Winegrape vineyards are out - literally - and broadacre cereal crops are now going in as winter sowing cranks up on 1800 hectares in southern NSW, funded by Qantas pilots, cabin crew and ground staff.
The $9 billion Qantas Super fund has committed $200 million to a land redevelopment and farming program which includes Murrumbidgee Irrigation Area farms which were growing vines until six months ago.
Already about $150m has been spent "repurposing" what were three large vineyards owned by corporate and family partnerships near Griffith.
By next year big areas will also be planted to irrigated almond and citrus trees by large scale investor and farmland refurbishment business, GoFARM.
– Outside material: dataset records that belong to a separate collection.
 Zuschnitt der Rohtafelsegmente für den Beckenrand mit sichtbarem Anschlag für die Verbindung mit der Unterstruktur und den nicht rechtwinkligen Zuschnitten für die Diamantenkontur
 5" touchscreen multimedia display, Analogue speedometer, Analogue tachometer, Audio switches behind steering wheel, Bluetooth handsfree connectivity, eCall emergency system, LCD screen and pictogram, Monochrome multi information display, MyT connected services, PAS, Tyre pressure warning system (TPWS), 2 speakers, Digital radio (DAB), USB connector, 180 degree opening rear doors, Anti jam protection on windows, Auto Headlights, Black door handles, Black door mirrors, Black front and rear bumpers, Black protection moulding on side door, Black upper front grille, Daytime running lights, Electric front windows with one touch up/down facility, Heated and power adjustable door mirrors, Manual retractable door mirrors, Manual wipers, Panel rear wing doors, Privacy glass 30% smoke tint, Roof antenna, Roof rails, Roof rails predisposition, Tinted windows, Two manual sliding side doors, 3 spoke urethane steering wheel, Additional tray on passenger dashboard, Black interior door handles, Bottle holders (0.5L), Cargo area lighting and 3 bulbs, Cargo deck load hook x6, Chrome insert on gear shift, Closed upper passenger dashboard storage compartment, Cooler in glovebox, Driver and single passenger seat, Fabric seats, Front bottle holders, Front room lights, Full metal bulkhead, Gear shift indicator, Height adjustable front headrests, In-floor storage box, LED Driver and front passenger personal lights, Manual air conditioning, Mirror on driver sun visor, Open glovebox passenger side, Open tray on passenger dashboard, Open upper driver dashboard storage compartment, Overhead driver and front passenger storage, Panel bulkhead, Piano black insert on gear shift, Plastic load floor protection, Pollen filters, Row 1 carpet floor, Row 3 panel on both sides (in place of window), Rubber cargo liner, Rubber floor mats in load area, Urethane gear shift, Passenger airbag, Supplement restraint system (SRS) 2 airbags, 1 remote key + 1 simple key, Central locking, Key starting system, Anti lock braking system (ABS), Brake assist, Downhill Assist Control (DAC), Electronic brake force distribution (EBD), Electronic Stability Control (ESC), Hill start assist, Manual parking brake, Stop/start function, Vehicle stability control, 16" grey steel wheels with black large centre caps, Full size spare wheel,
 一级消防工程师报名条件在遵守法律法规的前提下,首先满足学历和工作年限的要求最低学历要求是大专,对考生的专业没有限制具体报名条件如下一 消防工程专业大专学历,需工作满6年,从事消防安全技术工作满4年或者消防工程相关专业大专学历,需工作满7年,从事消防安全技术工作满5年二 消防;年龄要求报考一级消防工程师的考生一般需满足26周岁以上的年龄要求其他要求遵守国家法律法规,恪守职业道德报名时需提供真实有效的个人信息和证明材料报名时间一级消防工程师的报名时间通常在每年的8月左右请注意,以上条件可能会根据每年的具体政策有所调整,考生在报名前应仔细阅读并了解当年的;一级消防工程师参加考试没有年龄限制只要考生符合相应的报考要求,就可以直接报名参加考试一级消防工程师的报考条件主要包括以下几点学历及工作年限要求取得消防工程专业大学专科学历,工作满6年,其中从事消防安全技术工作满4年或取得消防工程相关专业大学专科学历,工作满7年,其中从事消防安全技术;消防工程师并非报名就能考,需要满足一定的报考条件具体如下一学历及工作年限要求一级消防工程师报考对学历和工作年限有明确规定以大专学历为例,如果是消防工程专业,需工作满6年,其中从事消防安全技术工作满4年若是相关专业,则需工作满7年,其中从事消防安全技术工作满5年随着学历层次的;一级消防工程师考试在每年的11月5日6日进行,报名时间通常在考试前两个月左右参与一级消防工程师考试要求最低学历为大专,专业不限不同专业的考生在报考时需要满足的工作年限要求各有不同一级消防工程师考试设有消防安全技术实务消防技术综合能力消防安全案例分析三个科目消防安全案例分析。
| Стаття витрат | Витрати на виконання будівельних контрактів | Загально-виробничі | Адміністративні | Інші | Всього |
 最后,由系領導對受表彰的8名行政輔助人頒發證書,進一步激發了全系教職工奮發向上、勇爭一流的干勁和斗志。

Further south, the superannuation fund's money has paid for similar permanent horticultural plantings on the 6500ha Sandmount Farms aggregation of former dairy farms between Shepparton and Cobram.
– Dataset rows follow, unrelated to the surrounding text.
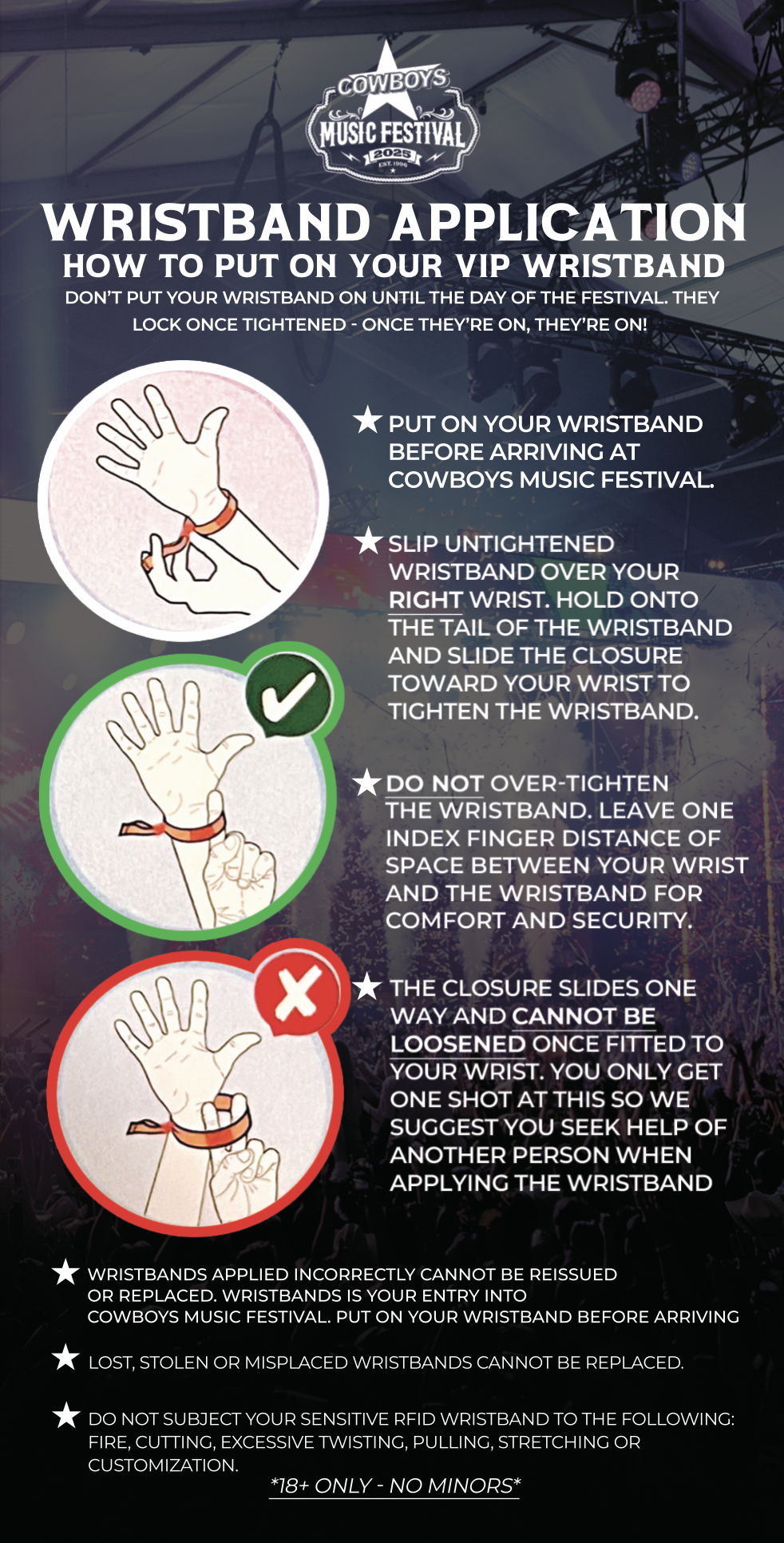 Your wristband is your ticket into Cowboys Music Festival. Make sure to put it on before arriving to avoid any issues at the gate
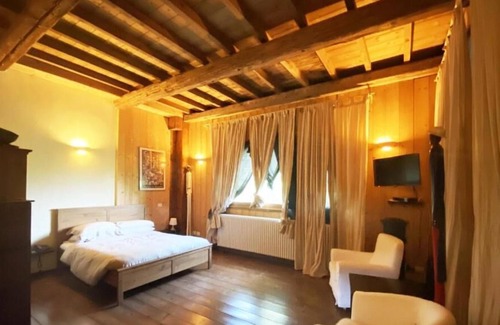 a historic residence of the Somascan Friars which in 2015 was transformed into a luxurious home of 800 square meters. The annex that stands next to the monastery houses a large 200 m2 living room with a central fireplace, a sofa, a billiard table and a living area. The living room has a long table, a counter and a kitchen for the exclusive use of guests; the whole area is very large and can comfortably accommodate groups of friends, large families and even couples. The wellness area extending from the main room includes an indoor pool, hot tub, sauna and gym.A part of the large hall at the entrance houses a full kitchen overlooked by a wooden bar counter. Beside the kitchen there is a table for 10 people with chairs.Outside the house there is a garden at the complete disposal of guests: the area in front of the house is equipped with deck chairs and umbrellas ideal for sunbathing. An area has been designated as a vegetable garden where guests can pick seasonal fruit and vegetables.
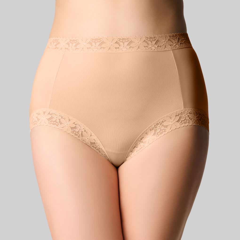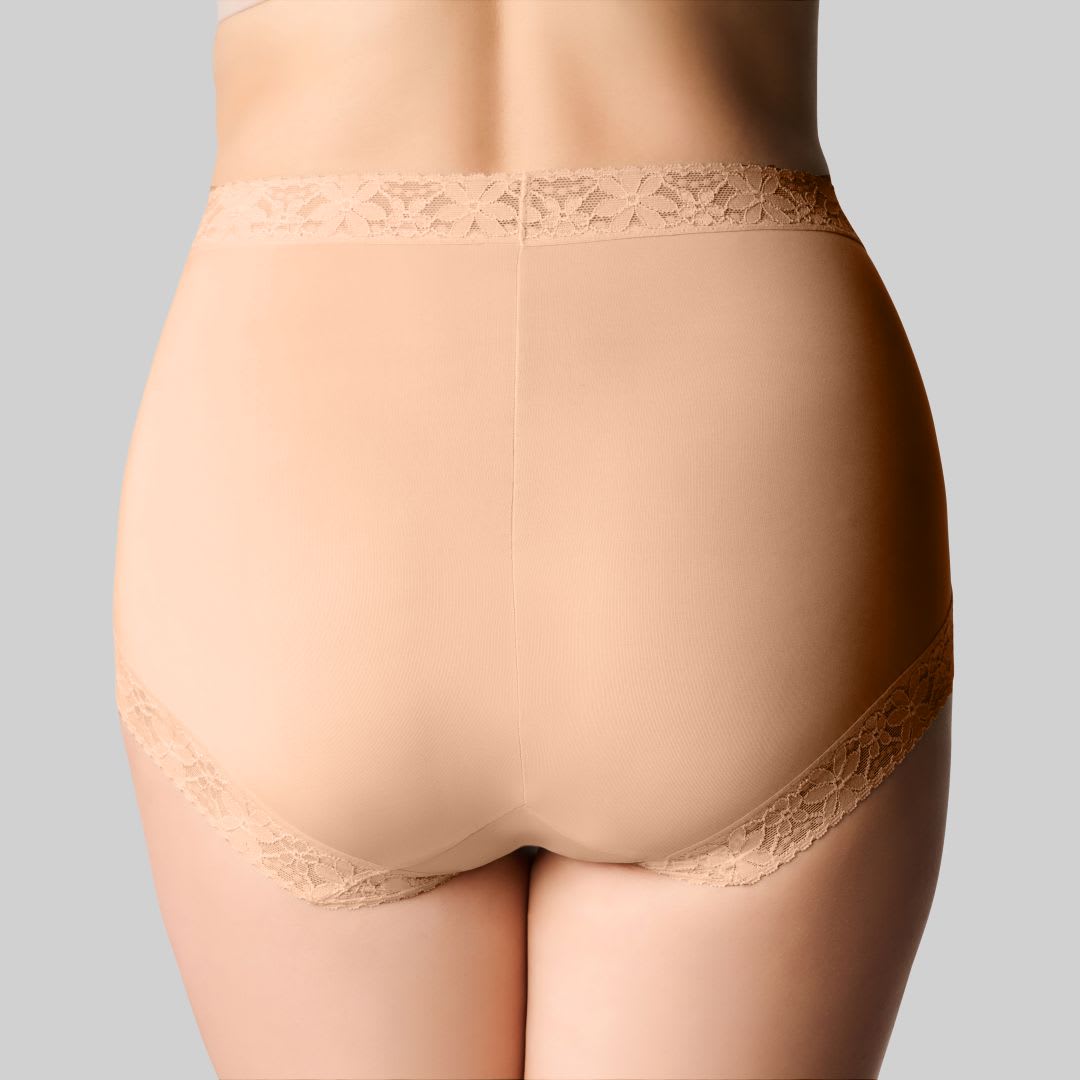 Our Full Brief is a full coverage knicker. It sits high over the waist. It is made from a stretchy micro touch fabric which moulds to your shape without restriction. Gently hugs the body. Support without control. It has full seat coverage with cotton gusset.
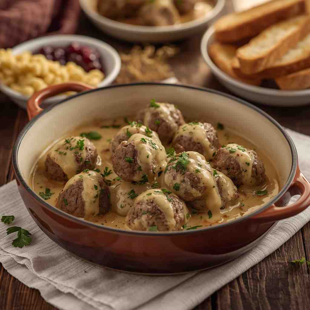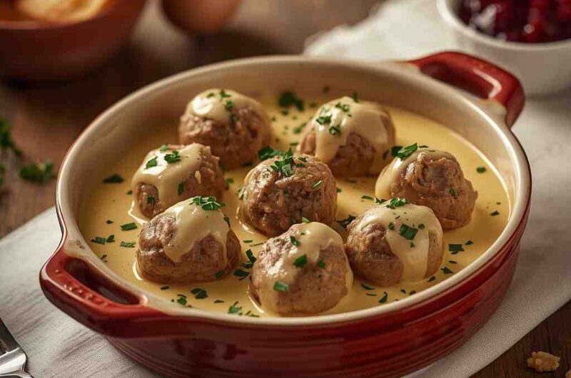 This recipe gives you the perfect balance: a soft, juicy meatball with hints of allspice and nutmeg, paired with a creamy, velvety sauce that coats every bite. It’s elegant enough for guests yet simple enough for a weeknight dinner.

The irrigated land now grows broadacre tomatoes, corn, winter cereals, pulses and canola, plus 70ha of mandarins and 445ha of almonds.
In fact, the upscaled northern Victorian farming operation has rapidly become Australia's biggest field tomato producer, supplying the Kagome Foods canning and puree processing plant in Echuca.
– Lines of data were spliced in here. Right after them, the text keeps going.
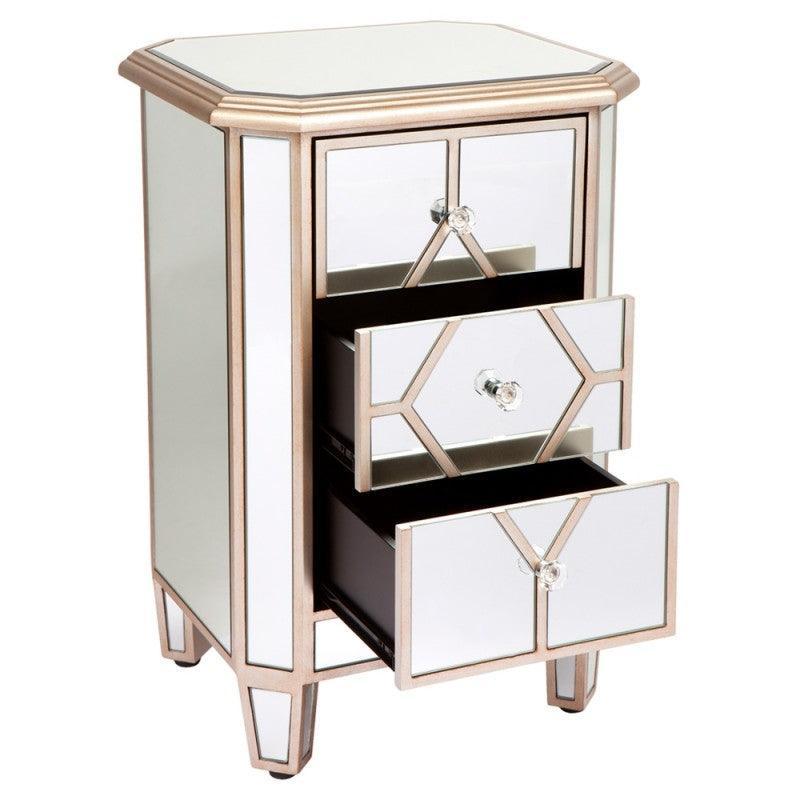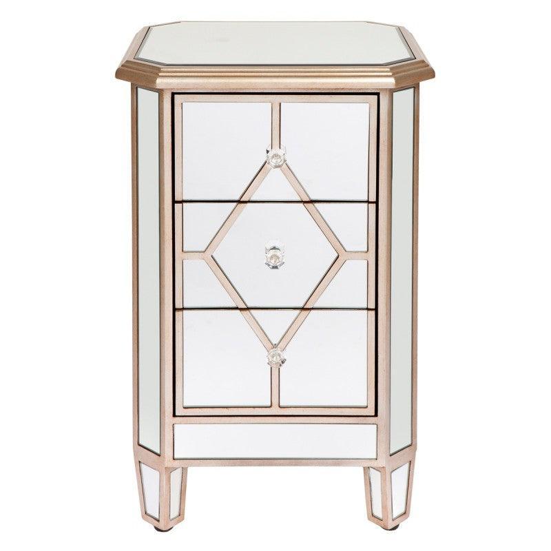 Kensington Champagne Mirror Bedside Table. Champagne finished wood frame with top clear bevelled mirror glass inlay. 3 Drawers fitted with metal runners and clear glass knobs.
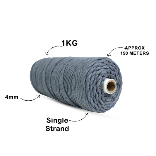 4mm Single Strand | Dark Grey | 150 Metres | 1kg Spool | Cotton |No 02
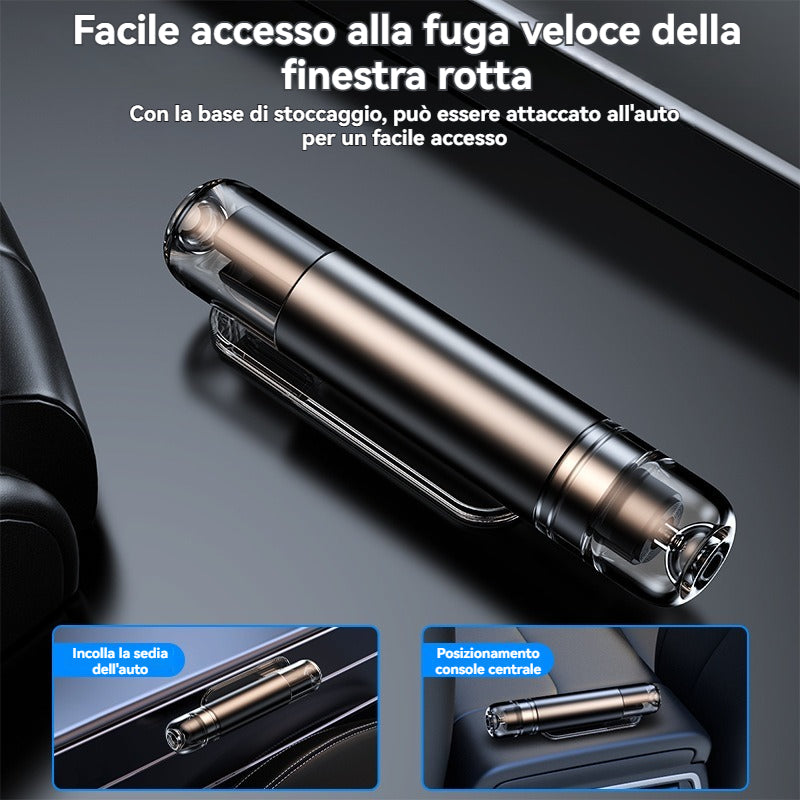 🚨 Martello di emergenza per auto con taglierina per cinture di sicurezza 🔪 | La punta in tungsteno frantuma il vetro stratificato | Compatto 96 mm | Salva vite in caso di ribaltamento e immersione in acqua
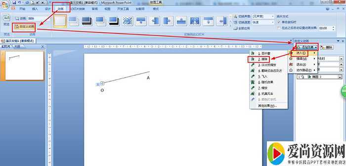 同样按以下顺序选择O文本框、直线、A文本框,然后按上述步骤设置擦除动画。

GoFARM, which has eight property aggregations across southern NSW, Victoria and Tasmania, is also already one of Australia's biggest almond producers.
Managing director, Liam Lenaghan, believed other domestic superannuation funds could, and probably would, follow the national airline's superannuation fund lead in connecting with GoFARM.
Australian investors had generally started showing greater interest in being part of the agricultural picture.
"They don't necessarily want to own farms or be farmers, but institutional investors are realising they can generate returns and prudent long term growth by putting money into agricultural projects like ours," he said.
In general, institutional investors are starting to view agriculture as part of the solution, not part of a problem
- Liam Lenaghan, GoFARM
Investing in farmland was a good inflation hedge and a good diversification strategy, also offering opportunities in carbon sequestration and renewable energy - all of which appealed to super funds.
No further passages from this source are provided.